Wells Fargo further noted that the grandfather date remains Feb. 15, 2007, with three available “pathways” for products that were brought to the market after this date (i.e., virtually all e-cigs/vapor products). “This again would be costly and burdensome for the entire industry and prove more challenging for the smaller manufacturers since they don’t have the same financial and regulatory resources of big tobacco. The only viable option currently to change the grandfather date is with federal legislation, i.e. the Cole Bill,” said Bonnie Herzog, senior analyst with Wells Fargo.
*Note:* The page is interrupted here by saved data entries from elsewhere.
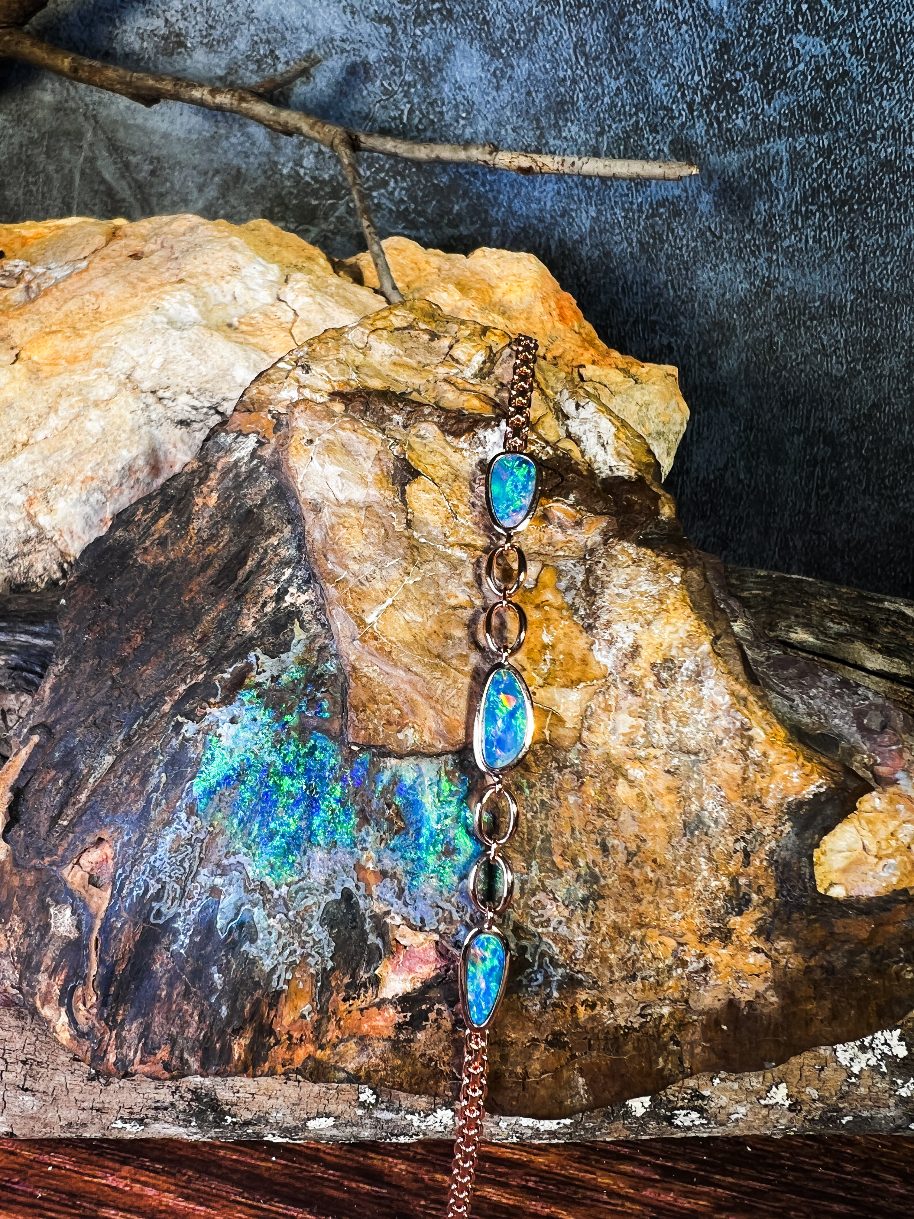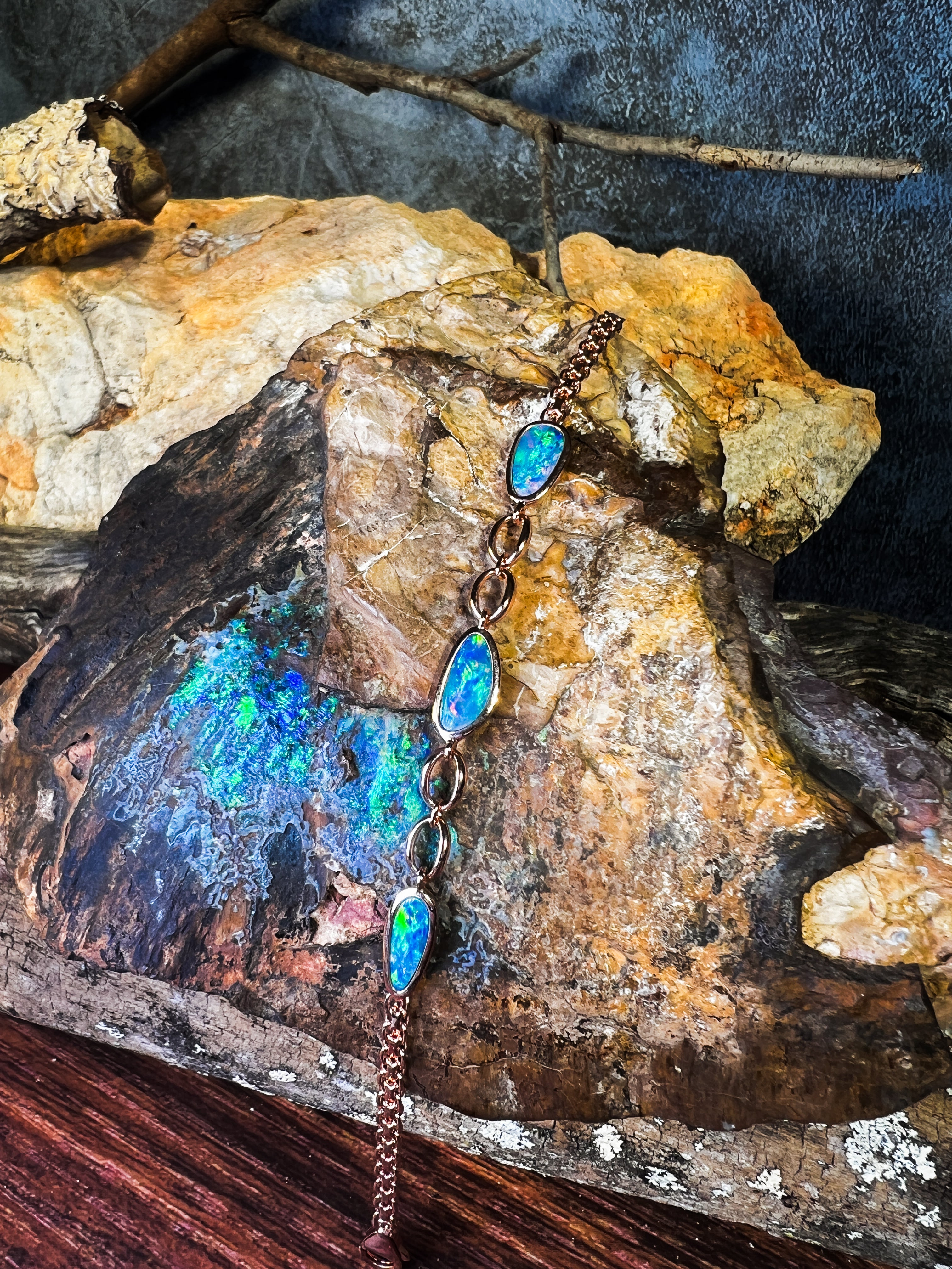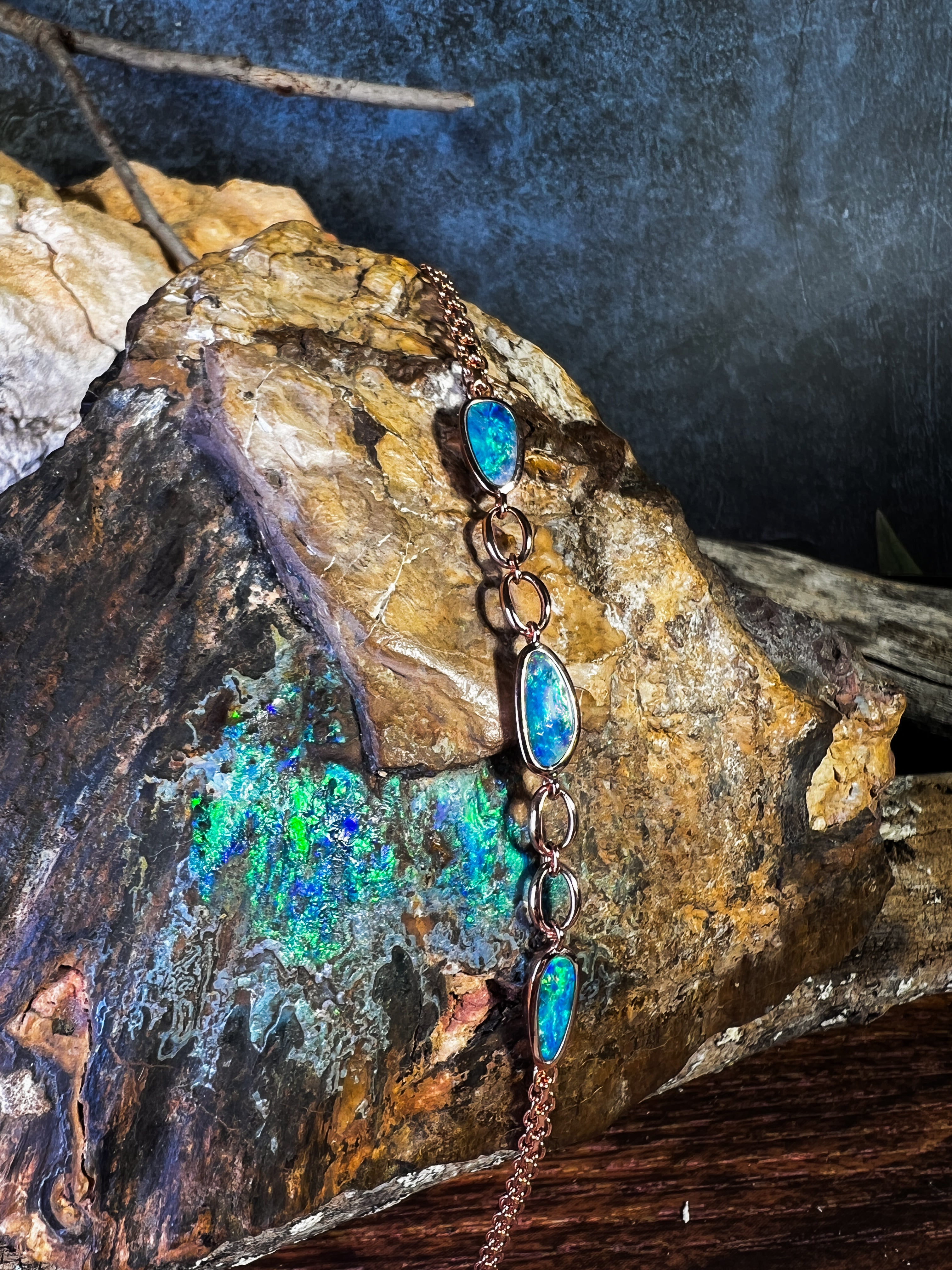 Sterling Silver Rose Gold plated freeform Opal doublet bracelet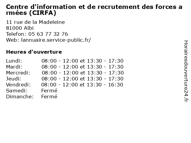 Termes de recherche pour Centre d'information et de recrutement des forces armées (CIRFA):albi, et, de, des, administration, services, centre, recrutement, publics, d'information, armées, cirfa, organismes, forces |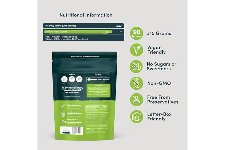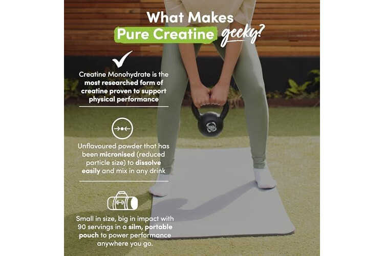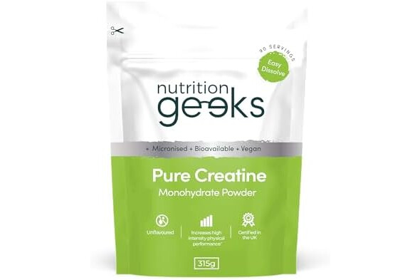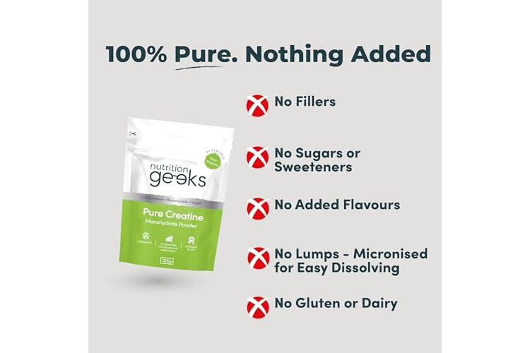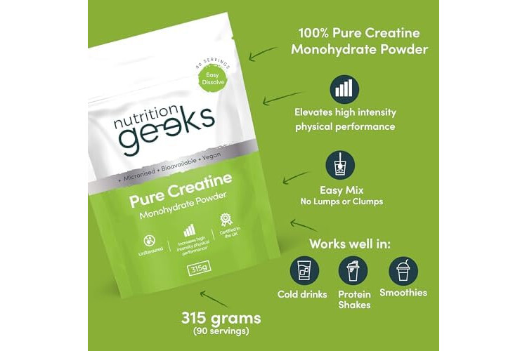 Why Choose Nutrition Geeks Creatine Powder: Get 315g (3 month supply) of pure unflavoured micronized creatine powder which is easy to dissolve and proven to work.
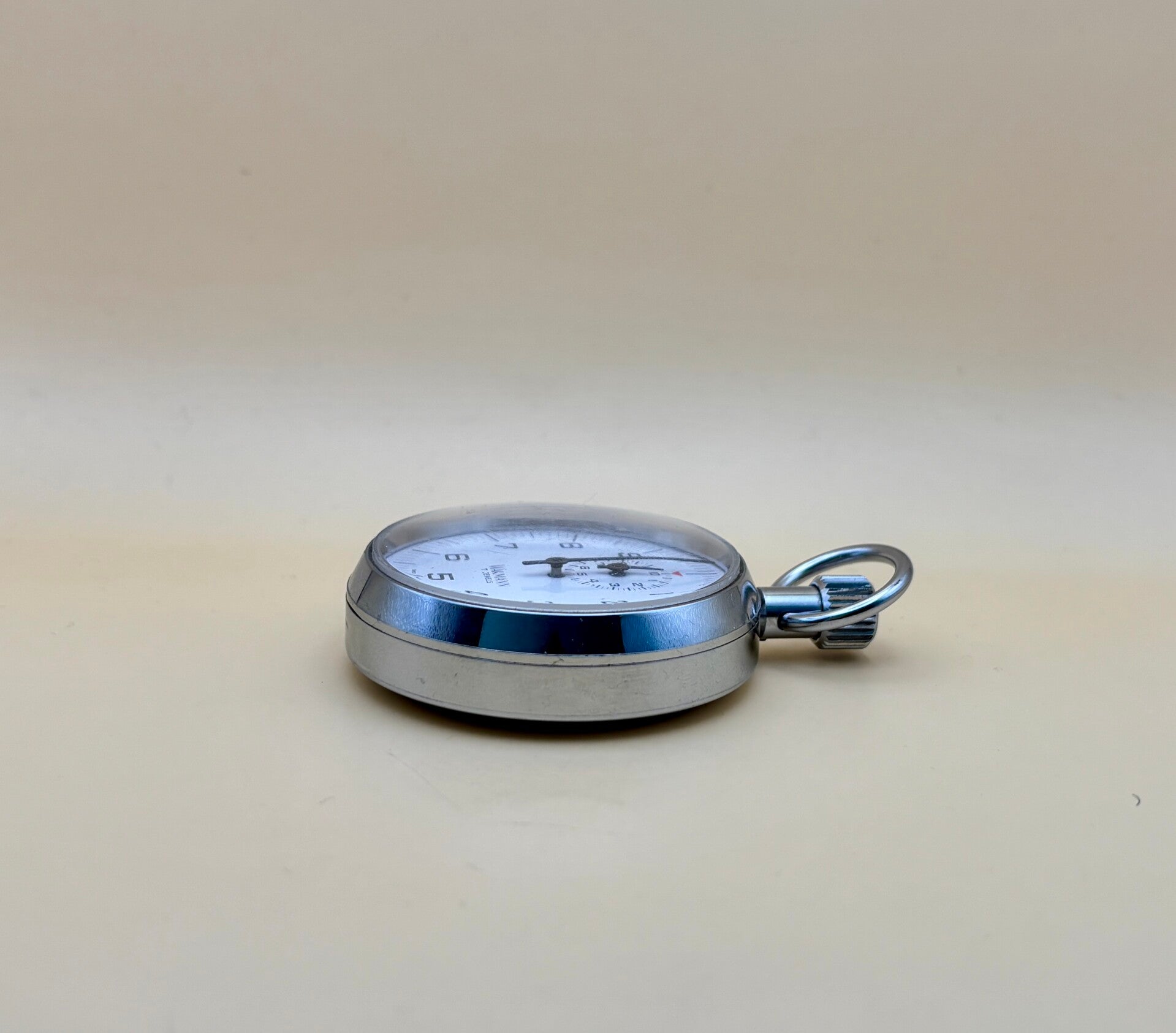 Strakke en goed leesbare Wakmann stopwatch uit Zwitserse productie, uitgevoerd met een witte 10 seconden wijzerplaat en een 10 minuten totalisator. De stopwatch heeft een diameter van 50 mm en een gewicht van 102 gram.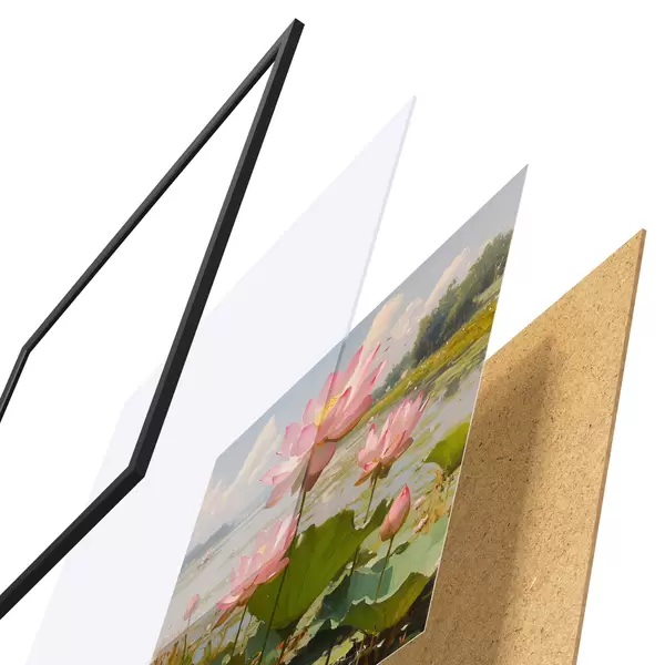 De poster bestaat uit een frame, plexiglas, geprinte afbeelding en spaanplaat achterkant. De poster kan meteen aan de muur worden gehangen dankzij de bevestigingen op de achterkant.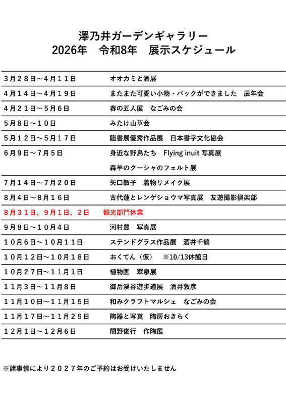 清流ガーデン澤乃井園の敷地内にあるギャラリーです。展示予定は随時更新いたします。
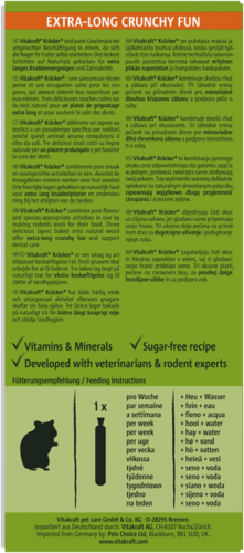 Is jouw hamster een echte knabbelkampioen? Trakteer hem dan op de Vitakraft® Kräcker! Deze heerlijke knabbelstaven met granen, honing en spelt zorgen niet alleen voor een smakelijke traktatie, maar ook voor actief knabbelplezier. Dankzij de drielaagse bakmethode blijven de ingrediënten stevig vastzitten, waardoor je hamster zich helemaal kan uitleven – net als in de natuur. Dit houdt hem lekker bezig én helpt zijn tanden op natuurlijke wijze afslijten. Bovendien zijn de Kräckers verrijkt met waardevolle vitamines en vrij van toegevoegde suikers. Een klassieker sinds 1965, speciaal afgestemd op de behoeften van jouw kleine knager!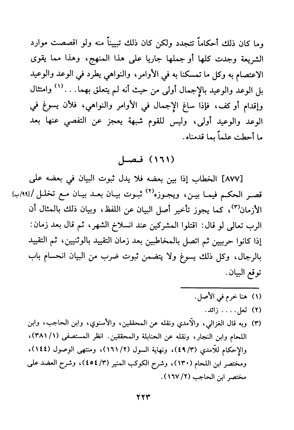 [877] الْخطاب إِذا بَين بعضه فَلَا يدل ثُبُوت الْبَيَان فِي بعضه على قصر الحكم فِيمَا بَين، ويجوزه ثُبُوت بَيَان بعد بَيَان مَعَ تخَلّل / [99 / ب] الْأَزْمَان، كَمَا يجوز تَأْخِير أصل الْبَيَان عَن اللَّفْظ، وَبَيَان ذَلِك بالمثال أَن الرب تَعَالَى لَو قَالَ: اقْتُلُوا الْمُشْركين عِنْد انسلاخ الشَّهْر، ثمَّ قَالَ بعد زمَان: إِذا كَانُوا حربيين ثمَّ اتَّصل بالمخاطبين بعد زمَان التَّقْيِيد بالوثنيين، ثمَّ التَّقْيِيد بِالرِّجَالِ، وكل ذَلِك يسوغ وَلَا يتَضَمَّن ثُبُوت ضرب من الْبَيَان انحسام بَاب توقع الْبَيَان.

“Bottom line – The final deeming regulations are broad as we anticipated and would be burdensome for small manufacturers to comply with while increasing the barriers to entry and entrenching big tobacco even further. As such, we anticipate litigation from several manufacturers, which could unfortunately prolong the uncertainty plaguing the entire industry. Our main concern is that these final deeming regulations could realistically stifle innovation, which could dramatically slow industry growth by dis-incentivizing consumer conversion from combustible cigs. This would ultimately have a net negative impact on public health, which is clearly in direct opposition to the FDA’s goal,” Herzog said.